Obama's H.Q. isn't really worried that Corsi's book will convert readers -- the bulk sales to conservative groups that fueled the book's rise on the bestseller list make it clear that Corsi is preaching to the choir. What aides do worry about is the phony charges in the book -- like Obama's alleged secret Muslim ties, or a hidden drug habit -- might make their way into the media echo chamber without a response. If the book is going to get publicity, strategists want to make sure their version gets told, too -- right down to Corsi's other wacky theories, like the one about how oil is actually a renewable resource. "We're going to make sure that every time the book is discussed, everyone who reads about it also reads that he got a bunch of things wrong," Vietor said. "He's a discredited liar. He's peddling garbage to continue the Bush-Cheney politics he helped perpetuate four years ago."
For the record, actually, Corsi is officially trying to get Chuck Baldwin elected president. Who's that, you might rightly ask? He's the nominee of the far-right Constitution Party.

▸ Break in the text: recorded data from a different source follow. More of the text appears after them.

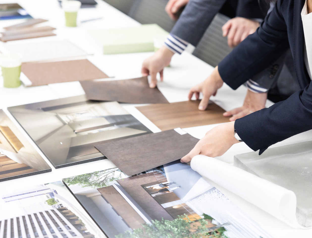 着工後のデザイン監修では、より魅力的な建物となるようデザイン事務所様と内装や仕様について協議・検討し、設計変更に伴うコストやスケジュールの調整も行っています。
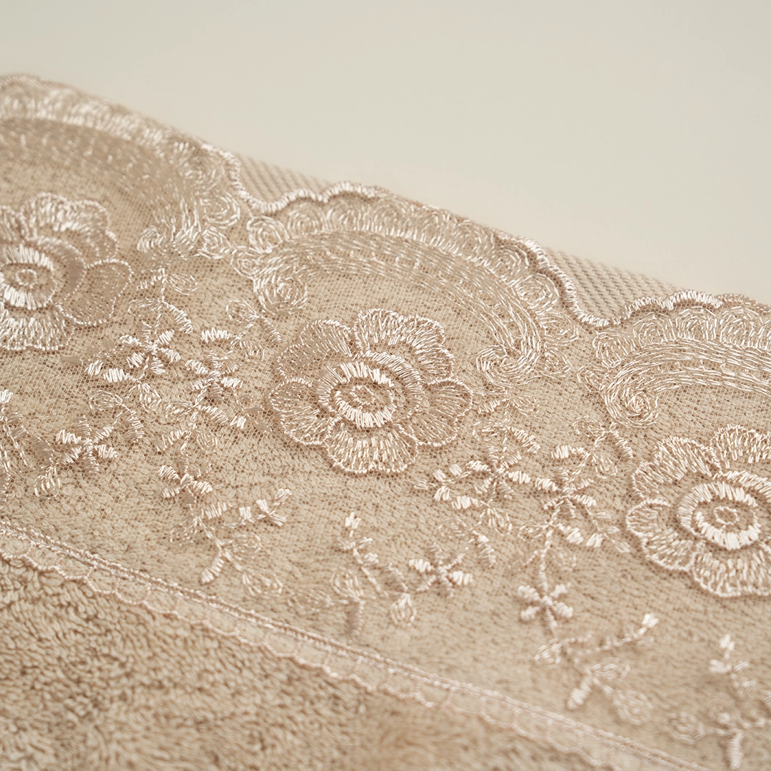 منشفة قطن مطرز لون بيج غامق
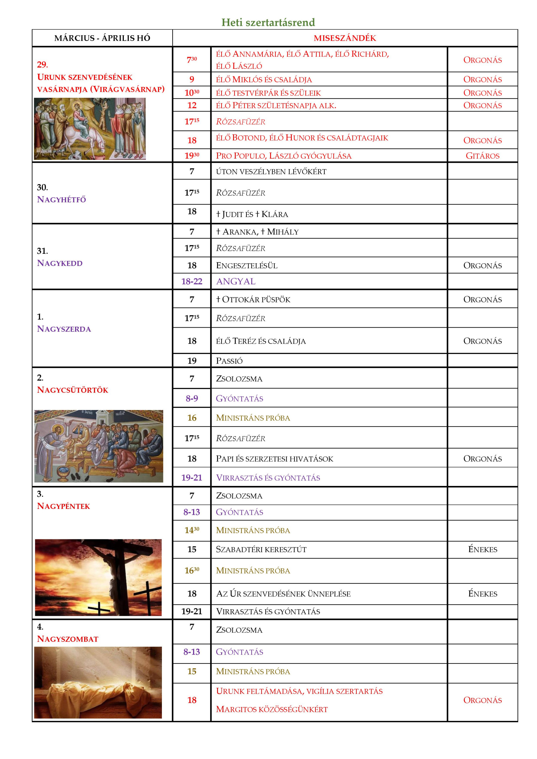 Szertartásrend - 2026.03.29.
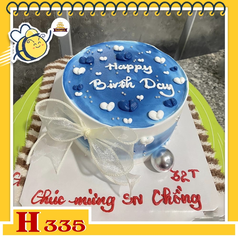 Bánh kem sinh nhật H335 tặng chồng màu xanh nước biển viền kem trắng
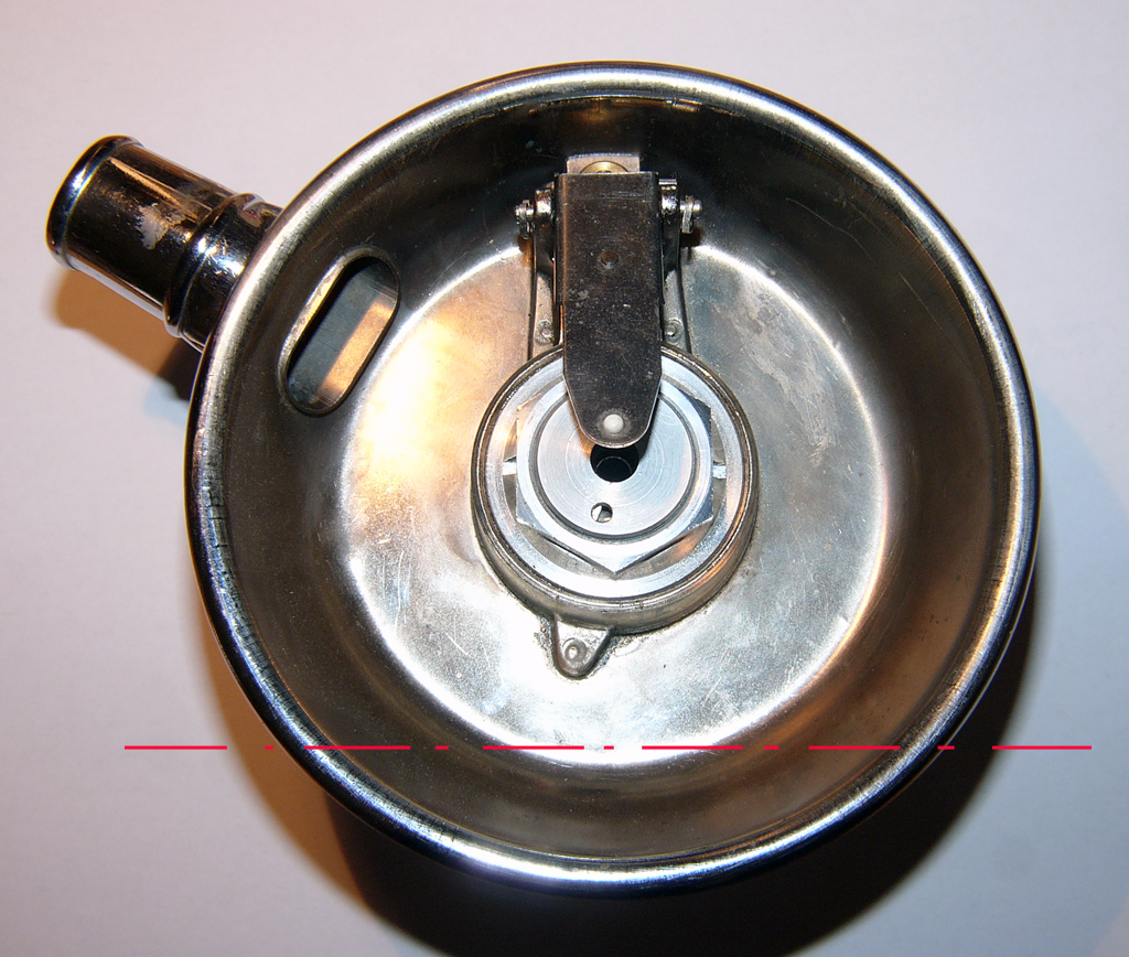 Die vereinfachte Skizze zeigt die Arbeitsweise der Membran in normaler, schräger Schwimmlage. Unten ist sie, wegen des höheren Wasserdrucks nach innen gedrückt.  Beim Inhalieren wirkt der Wasserdruck nur im oberen Bereich der Membranscheibe auf den Steuerhebel. Die Membrane führt dabei eine Kippbewegung aus.  Die Kippachse ist als roter Punkt gekennzeichnet.  Das Habe ich so im Regenwasserfaß beobachtet. Der Regler wurde ohne Deckel betrieben, sodaß die Arbeitsweise der Membran zu sehen war. Die Membran habe ich dabei mit einem Ring auf den Topf geklemmt und dicht gehalten.
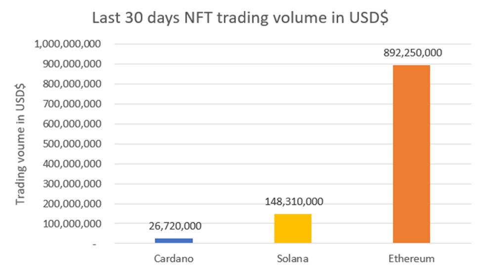 Yet, ETH NFT trading volume is 33.4x higher than ADA...
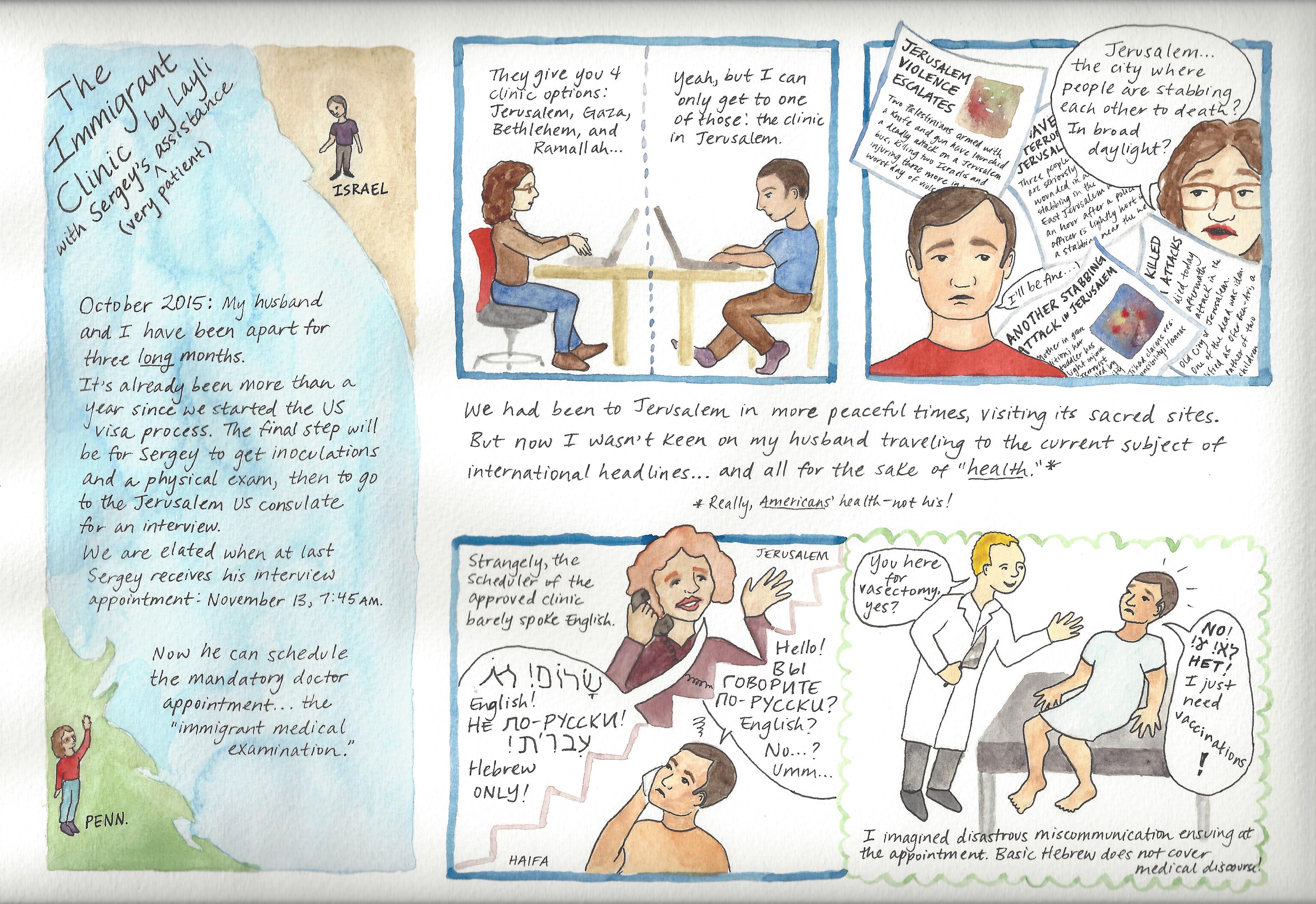 “The Immigrant Clinic” is a comic I created in graduate school for a seminar on graphic medicine taught by Dr. Susan Squier.
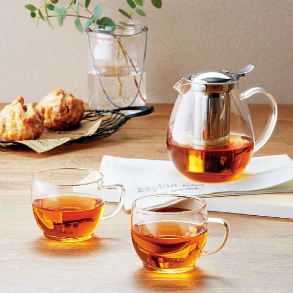 | 内容 | ポット(W13.5×D10×H12.5cm/580ml)×1、カップ(φ8×H6.5cm/150ml)×2、ステンレス製茶こし×1 |
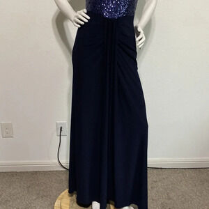 Cache Navy Blue Sleeveless Sequin Maxi Gown Dress
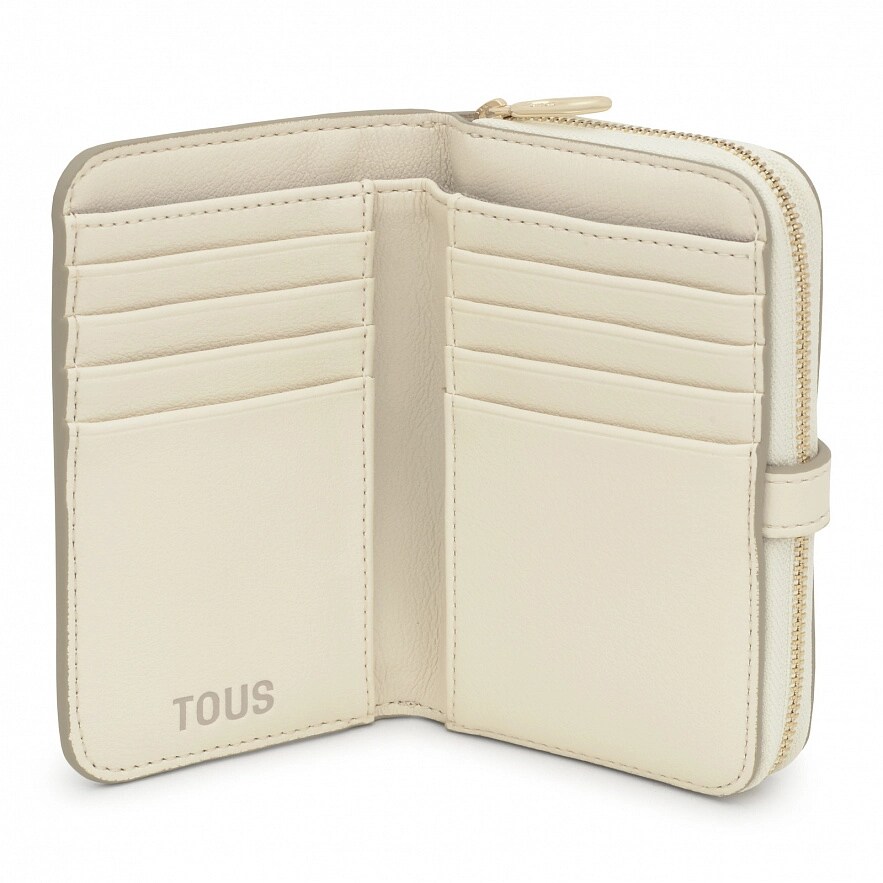 Кошелек TOUS Buckles Silhouette из искусственной кожи бежевого цвета, с полиуретановой отделкой. Закрывается на молнию. Внутри отделение для купюр, восемь слотов для карточек и два отделения для монет. Размеры (высота х ширина х глубина): 9,3 х 14,4 х 4,7 см.
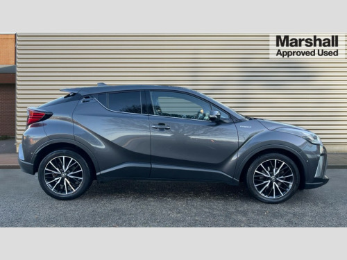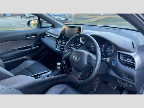 Toyota C-HR 1.8 Hybrid Excel 5dr CVT 4.2" coloured TFT screen for multi-information display, Adaptive cruise control, Bluetooth connectivity, Electric power steering, Hybrid system indicator, Lane departure alert with steering control, Remote boot door release in cabin, Remote boot door release in key, Reversing camera, Road sign assist - RSA, Simple Intelligent parking assist, Touch 2 Go navigation system, Trip computer, Voice recognition, Vehicle Stability Control (VSC), 6 speakers, Aux connectors + 12V front outlet, DAB Radio (Digital Audio Broadcasting), Toyota touch 2 multimedia system with 8" display, USB connector integrated with radio and CD player, Wi-fi connectivity, Adaptive front light system, Adaptive LED Headlights, Anti-jam protection on power windows, Auto high beam, Auto up and down function on all power windows, Automatic headlight levelling, Automatic headlights, Automatic headlights cut-off, Automatic wipers with heated folding mirrors, Black and body coloured rear bumper, Black front bumper, Black upper front grille, Body colour door handles, Body colour door mirrors, Boot door release with push button, Electric heated door mirrors, Follow me home headlights, Front and rear power windows, Front spoiler, Honeycomb lower front grille, LED daytime running lights, LED fog lights, LED front light guide, LED High mounted stop light, LED rear brake lights, LED rear combination lights, Noise reduction layer on front windows and windscreen, Power adjustable door mirrors, Privacy glass, Rear spoiler, Rear tailgate, Rear window defogger, Rear window wiper, Shark fin antenna, UV-filter on driver and passenger windows, UV-filter on rear windows, 12v power outlet - front, 3 rear headrests, 3 spoke leather steering wheel, 60/40 split folding rear seat, Adjustable rear headrests, Adjustable speed limiter switch on steering wheel, Assist grips front and centre pillar, Audio and telephone switches on steering wheel, Black front door assist grips, Blue ambient lighting on front cup holders, Blue ambient lighting on front doors, Boot light, Chrome interior door handles, Driver and front passenger personal light, Driver and front passenger Whiplash Injury Lessening seats, Driver and passenger seatback pockets, Dual zone automatic air conditioning, Floor mats, Front cupholders, Front head restraints, Front sports seats, Glovebox with internal light, Hard tonneau cover, Heated driver and front passenger seats, Heated steering wheel, Hooks for luggage holding net, Humidifying Nanoe air purifier, Illuminated entry system, Isofix attachments on outer rear seats, Leather gearshift, Light on driver sun visor, Light on passenger sun visor, Manual telescopic steering wheel, Manual tilt steering wheel, Manually height adjustable front passenger seat, Manually reclining front passenger seat, Manually sliding front passenger seat, Microphone on front personal light, Mirror on driver sun visor, Mirror on passenger sun visor, Multimedia switches on steering wheel, Pollen filter, Power adjustable lumbar support on driver seat, Power height adjustable driver seat, Power reclining driver seat, Power sliding driver seat, Power tilting cushion on driver seat, Shopping bag hooks, Slow opening on lower glovebox, Voice recognition switch on steering wheel, Leather pack - C-HR, Tech with parking sensor pack - C-HR, 16 Disk front wheel brake, 3x3 point rear seatbelts, ABS+EBD+Brake assist, Electronic parking brake, ESP + traction control, Front and rear seatbelt reminder, Front passenger airbag on/off switch, Hill start assist control (HAC), Pre collision system with pedestrian detection, Pre-tensioners and force limiters, Rear door child safety locks, SRS Airbags - Driver + Front passenger, front side, front and rear curtain and driver's knee airbags, Toyota safety sense, Tyre pressure monitoring system, Glass-breaking alarm sensors, Immobiliser, Intrusion alarm, Intrusion sensor, Motion sensor alarm, Power door locks, Power passenger window lock, Remote central locking, Remote door lock, Black lower dashboard, Black lower driver dashboard, Dark brown upper dashboard, Piano black console, Silver deco line on upper dashboard, Tyre repair kit

As someone who believes in a secret plot to merge the United States, Mexico and Canada in a shadowy North American Union, Corsi doesn't have much sympathy for John McCain, who has mostly supported immigration reform measures.
Corsi, whom I tried to contact Wednesday about why he apparently misquoted a Salon story in the book, still hasn't returned calls or e-mails. GOP operative Mary Matalin, who edits the Simon & Schuster imprint that published the book, referred me to Corsi's flack, Tim Bueler. Bueler, when I reached him, asked, "So, are they going to sue us, then?" and said Corsi wouldn't be available for comment until Friday.